Литмир - Электронная Библиотека
Содержание  
A
A

Симонов подверг критике Дудинцева за то, что он продолжает необоснованно жаловаться на свою судьбу как литератора, не дает отчета в своих действиях и проявляет себя бессильным даже во взаимоотношениях с дочерью, не умея и не желая ей разъяснить отношение читателей к роману «Не хлебом единым».

Симонов разоблачил перед присутствующими вредность заявления Дудинцева о якобы тяжелой судьбе писателя в нашей стране, и в частности Дудинцева. Здесь неуместным оказывается и обращение к будущему, которое якобы оценит это произведение...

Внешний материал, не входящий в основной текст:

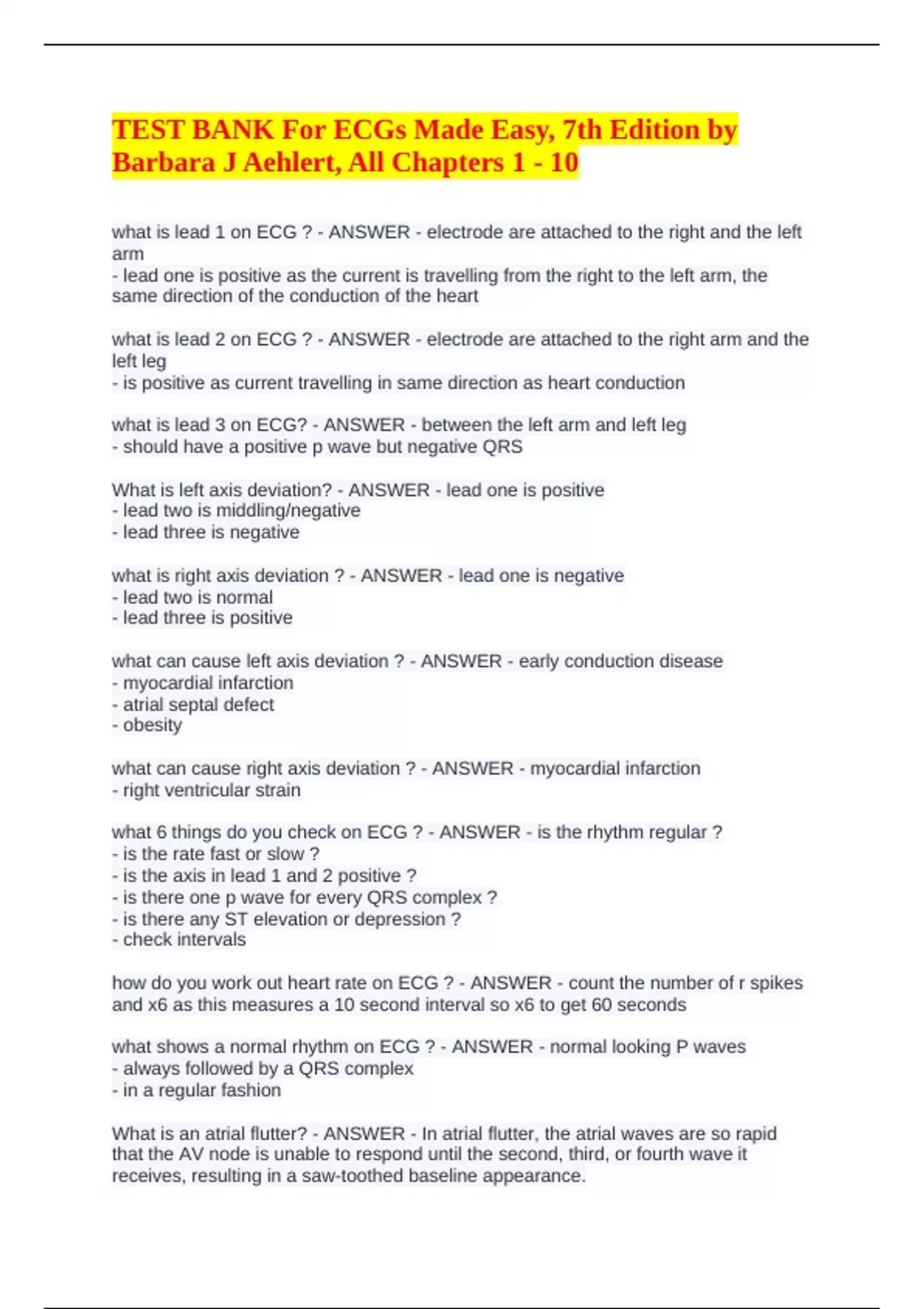 TEST BANK For ECGs Made Easy, 7th Edition by Barbara J Aehlert, All Chapters 1 - 10

Симонов признал, что редакция журнала «Новый мир» не проявила твердости в подходе к напечатанию этой книги, не увидела однобокости в изображении советского общества. Симонов отметил, что Дудинцев пытается встать в позу дирижера нашей критики и пытается управлять критикой вместо того, чтобы подумать о похвале и порицании его произведения. Писатель не признает критики. Дудинцев встал над романом и пытается сделать из этого произведения «программный документ эпохи», призывает сравнивать жизнь и его роман, хотя в литературе имеются лучшие произведения, как, например, Николая Островского, действительно отражавшие характер эпохи.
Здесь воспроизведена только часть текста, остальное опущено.